Homeward Bound, or The Chase is James Fenimore Cooper’s 1838 sea novel, working in the nautical fiction tradition that Cooper had been one of the founders of in American literature. The novel is the first half of a two book sequence, with the companion novel Home as Found published shortly after and continuing the story of the same characters after the sea voyage that Homeward Bound covers. The two novels together represent Cooper’s most extended late career engagement with the experience of returning American expatriates encountering their changing home country after years abroad.
The novel follows the Effingham family aboard the packet ship Montauk as they sail from England back to America. The Effinghams are a wealthy American family whose patriarch Edward Effingham had spent many years in Europe and who is now returning home with his daughter Eve and his cousin John. The voyage is interrupted by various complications including a chase by British naval vessels and other dramatic situations that the nautical adventure tradition required. Cooper uses the voyage as the framework for both the action plot and for the wider character interactions among the various passengers, with the closed shipboard environment providing the kind of social setting that allows extended character development across the page count.
Cooper had returned to the United States himself in 1833 after seven years of living in Europe, and the Effingham novels draw heavily on his own experience of encountering the changed American society he found upon his return. The political and social commentary that runs through Homeward Bound and Home as Found reflects Cooper’s increasingly critical view of the rapidly democratizing Jacksonian America that he was now living in, with his European experience having given him perspectives that made the American developments more visible than they might have been to readers who had never left the country.
Cooper’s nautical fiction was grounded in his own experience as a young naval officer in the United States Navy in the early 1800s, and his depictions of shipboard life, of the various technical aspects of nineteenth century sailing vessels, and of the wider maritime culture of the period draw on his actual professional knowledge. The chase plot that gives Homeward Bound its subtitle delivers the kind of nautical action sequences that his sea novels were known for.

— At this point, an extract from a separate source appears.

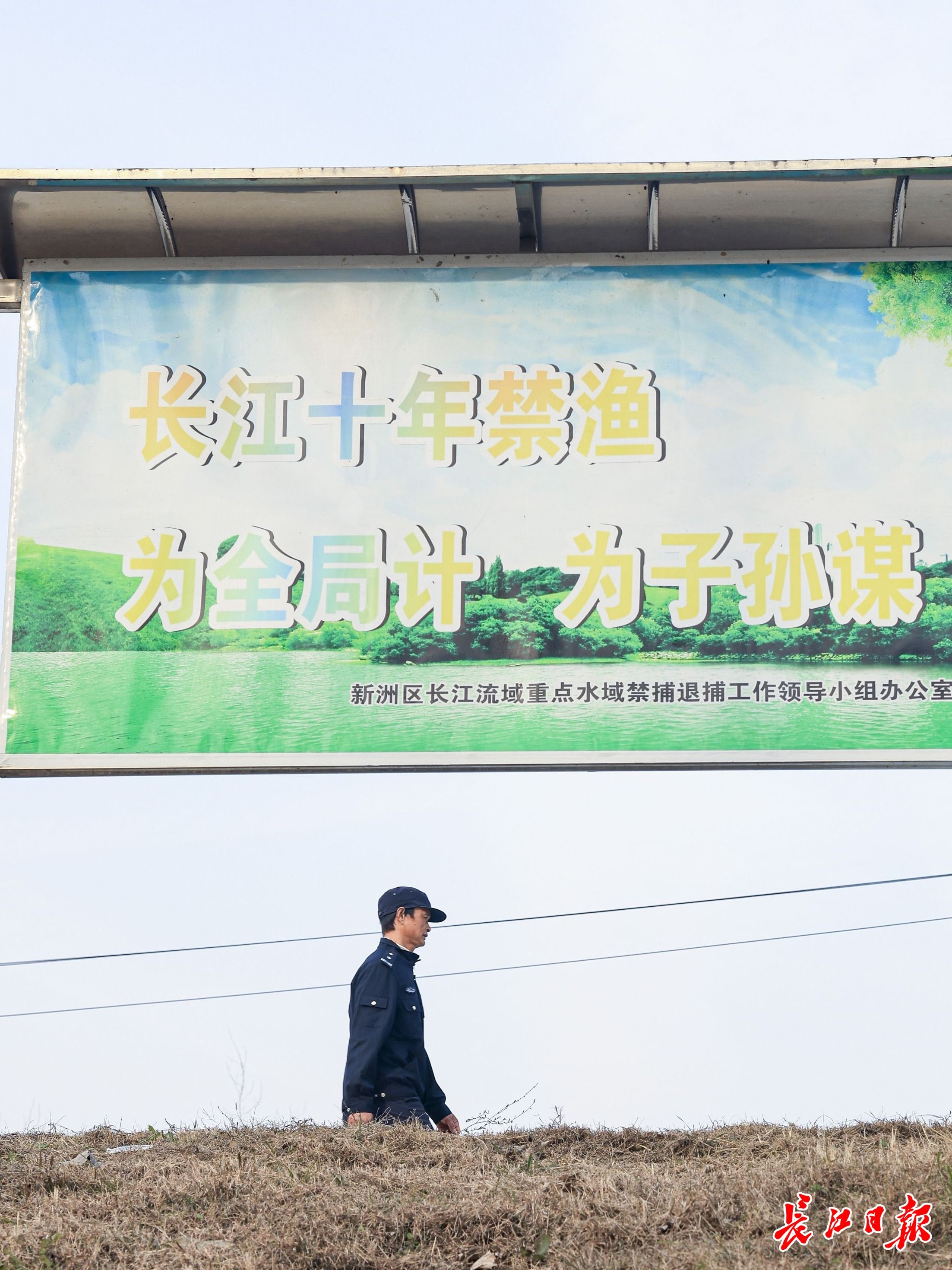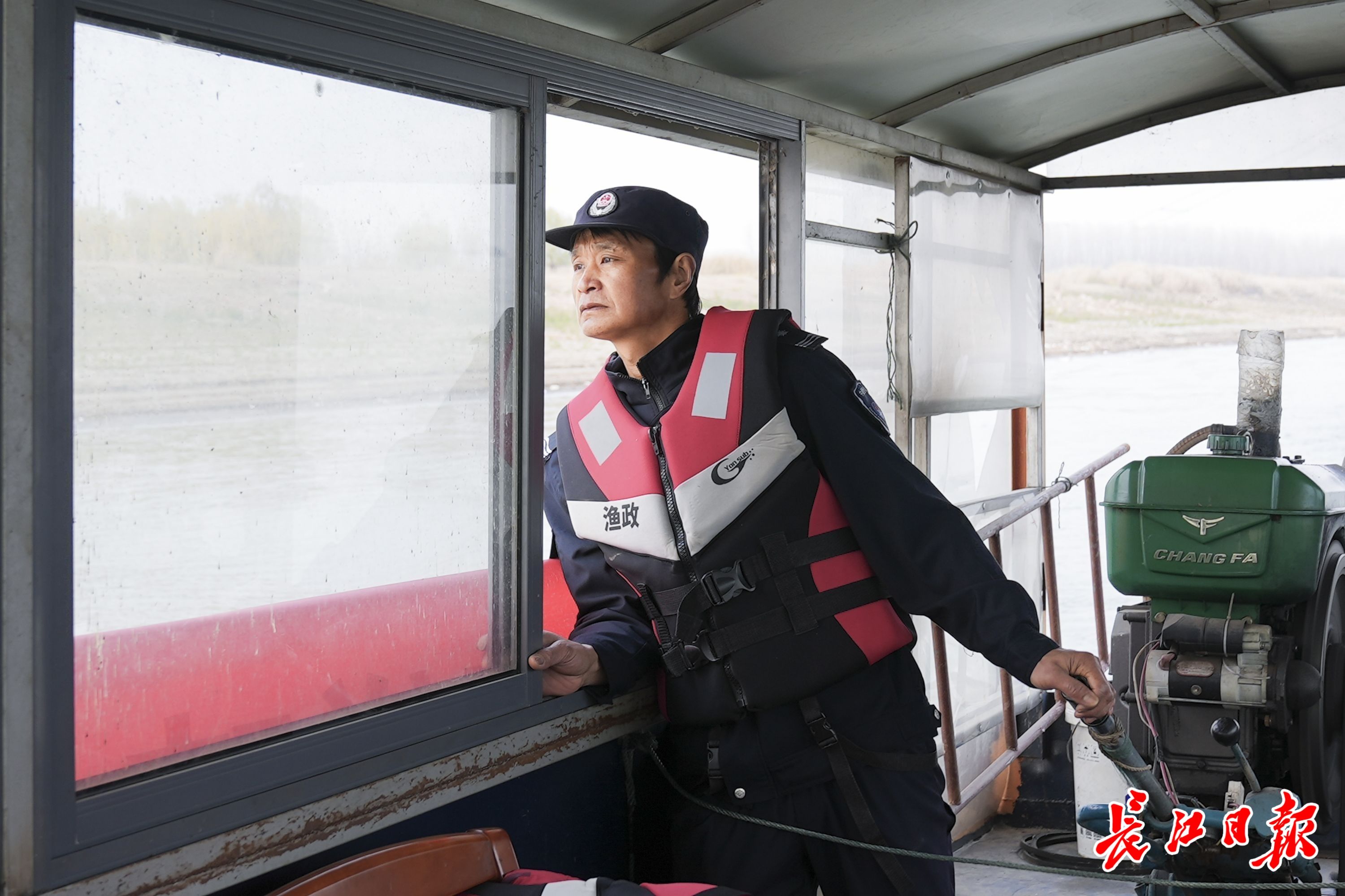 2021年1月1日,长江“十年禁渔”全面启动。打鱼20多年的渔民张锦退捕上岸,成了渔政巡护员。

Cooper’s prose is in the formal style of his time, which can take some getting used to. The political and social commentary is more directly stated in the late Effingham novels than in his earlier work, and modern readers will find his conservative framing more pronounced than they expected from the author of the Leatherstocking Tales. For Cooper completists, for students of nineteenth century American social fiction, or for readers interested in how American writers responded to the Jacksonian period, the Effingham novels are essential.